Lorsque l'étranger est assigné à résidence en application de l'article L. 731-1 ou placé en rétention ou en détention après avoir introduit un recours conformément au présent titre ou après avoir déposé une demande d'aide juridictionnelle en vue de l'introduction d'un tel recours, la procédure se poursuit selon les règles prévues au titre II. Les actes de procédure précédemment accomplis demeurent valables. L'avis d'audience se substitue, le cas échéant, à celui qui avait été adressé aux parties en application de l'article R. 911-5.

Titre II : PROCÉDURES À JUGE UNIQUE

Chapitre Ier : Délais de recours et de jugement

Section 1 : Délais de recours

Article R921-1

Lorsque le délai de recours prévu à l'article L. 911-1 n'est pas expiré à la date à laquelle l'autorité compétente notifie à l'intéressé une décision d'assignation à résidence en application de l'article L. 731-1, l'autorité administrative l'informe que ce délai est interrompu et qu'il dispose désormais, à compter de cette information, du délai de sept jours prévu à l'article L. 921-1 pour introduire son recours s'il ne l'a pas déjà fait.

Lorsque le délai de recours mentionné à l'article L. 911-1 ou à l'article L. 921-1 n'est pas expiré à la date à laquelle l'autorité compétente notifie à l'intéressé une décision de placement en rétention administrative, l'autorité administrative l'informe que ce délai est interrompu et qu'il dispose désormais, à compter de cette information, du délai de quarante-huit heures prévu à l'article L. 921-2 pour introduire son recours s'il ne l'a pas déjà fait.

Article R921-2

En cas de placement en détention avant l'expiration du délai de recours prévu à l'article L. 911-1, l'intéressé est informé par le greffe de l'établissement pénitentiaire que ce délai est interrompu et qu'il dispose désormais, à compter de cette information, du délai de sept jours prévu à l'article L. 921-2 pour introduire son recours s'il ne l'a pas déjà fait.

Article R921-3

Les délais de recours de sept jours et quarante-huit heures respectivement prévus aux articles L. 921-1 et L. 921-2 ne sont susceptibles d'aucune prorogation.
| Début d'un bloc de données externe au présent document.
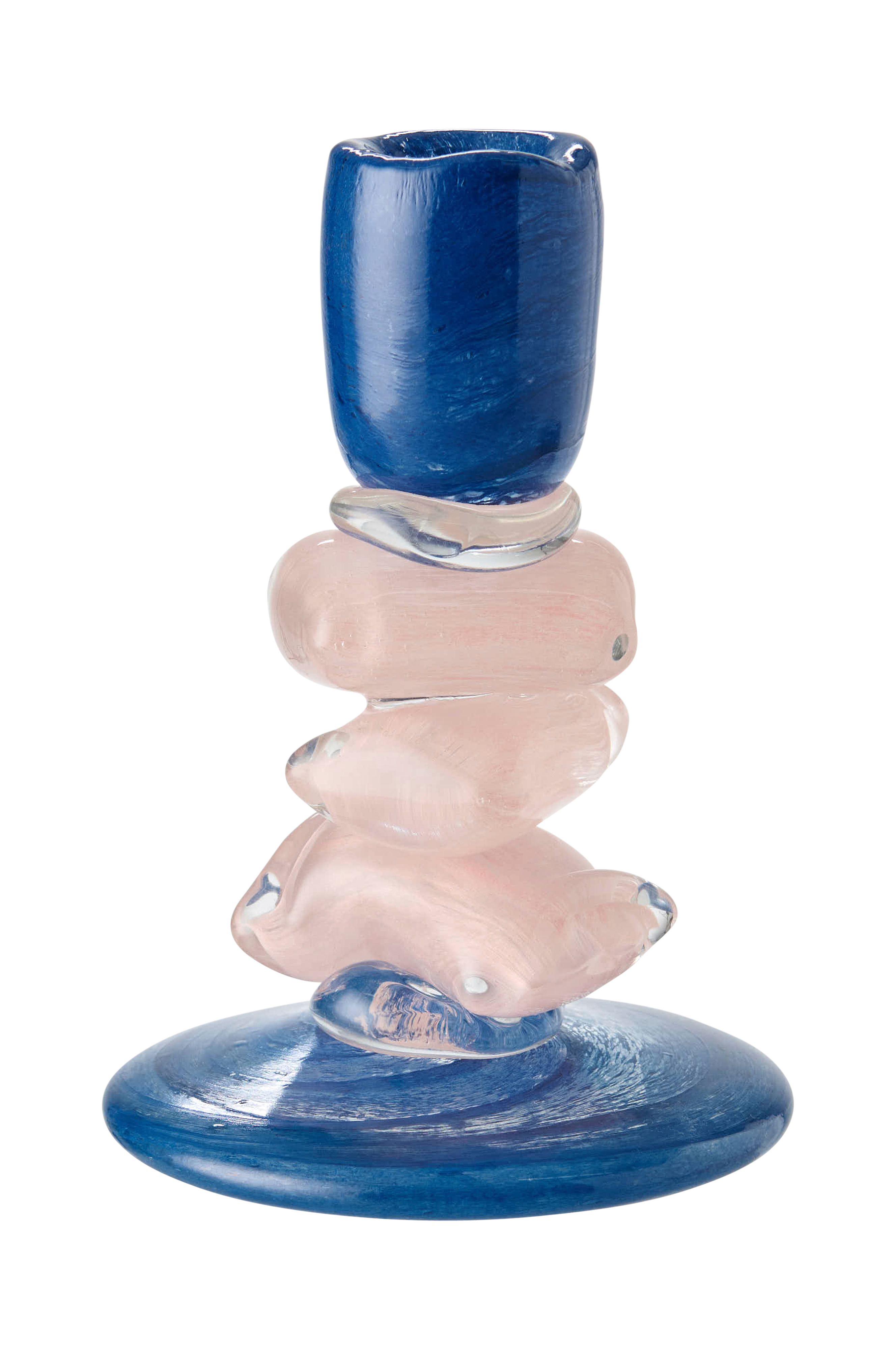 • Håndlavet lysestage i glas med anderledes, matchende farver

Section 2 : Délais de jugement

Article R921-4

Conformément aux articles L. 921-3 et L. 921-4, si, en cours d'instance, l'étranger est assigné à résidence en application de l'article L. 731-1 ou placé en rétention administrative, le délai de jugement, ramené, respectivement, à quinze jours et à cent quarante-quatre heures, court à compter de la notification de cette décision au tribunal par l'autorité administrative.
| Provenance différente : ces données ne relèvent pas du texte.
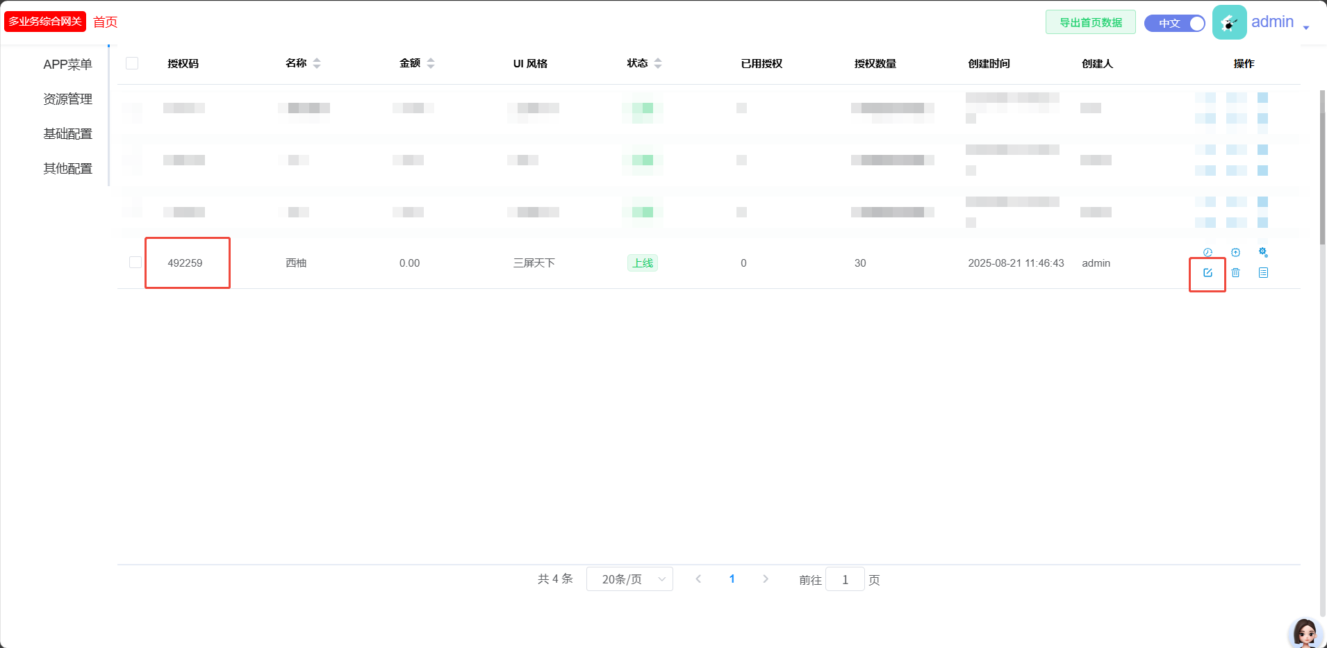 【产品教程】-基础 2025.08.21 XOS综合网关-终端模块-运营模式下的授权码认证(部署+应用) 适用场景:适用于多场景使用同一台服务器的情况下,且需要使用授权码认证的时候,该场景账号所属者拥有全量模式和运营模式的操作权限,或者由拥有全量模式操作权限的人编辑授权码认证,方可在运营模式下将授权码给电视终端进授权码认证,具体步骤如下: 1、综合网关进入全量模式,点击AI智慧屏的终端授权,点击认证模式,选择授权码认证,点击提交数据  2、拥有运营模式的用户登入登入综合网关显示运营模式的界面,双击对应的应用场景,找到对应的用户套餐,可以看到改用户套餐的授权码,终端输入改授权码即可认证上来,点击编辑可以编辑终端认证的数量   3、可以用模拟器测试一下,认证上来后可以在运营模式下看到认证上来的终端:

Si, en cours d'instance, l'étranger ayant formé un recours relevant de l'article L. 911-1 est placé en détention, le tribunal statue dans le délai de jugement prévu à l'article L. 921-1. Ce délai court à compter de l'information du tribunal par l'autorité administrative.
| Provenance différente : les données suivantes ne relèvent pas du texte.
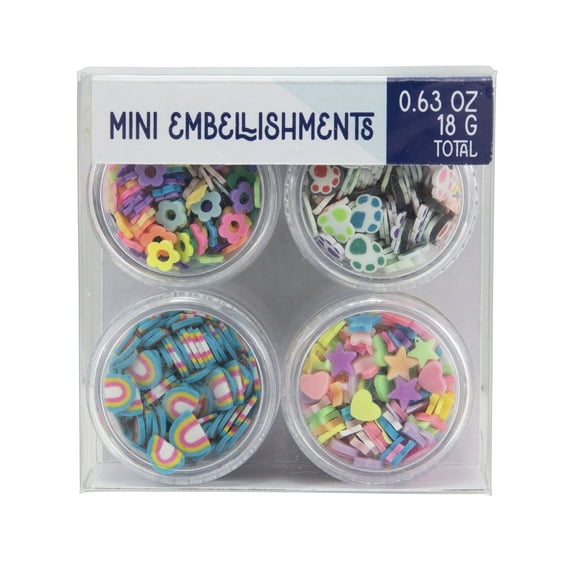 - Assorted Colors: The 4-pack set includes 4 jars of assorted, colorful miniature embellishments.

Chapitre II : Règles de procédure

Section 1 : Tribunal administratif territorialement compétent

Sous-section 1 : Dispositions générales

Article R922-1

En application de l'article R. 312-1 du code de justice administrative et sous réserve des exceptions prévues par la présente section, le tribunal administratif territorialement compétent est celui dans le ressort duquel l'autorité qui a pris la ou les décisions attaquées a son siège.

Article R922-2

Lorsque le président d'un tribunal administratif ou le magistrat désigné par lui est saisi de conclusions qu'il estime relever de la compétence d'un autre tribunal administratif, il lui transmet le dossier sans délai et par tous moyens, dans les formes prévues au premier alinéa de l'article R. 351-6 du code de justice administrative.

Sous-section 2 : Etranger placé ou maintenu en zone d'attente en dehors de la région Ile-de-France

Article R922-3

Lorsque l'étranger qui a fait l'objet d'un refus d'entrée sur le territoire français au titre de l'asile est placé ou maintenu dans une zone d'attente située en dehors de la région d'Île-de-France, le tribunal administratif territorialement compétent est celui dans le ressort duquel se trouve cette zone d'attente.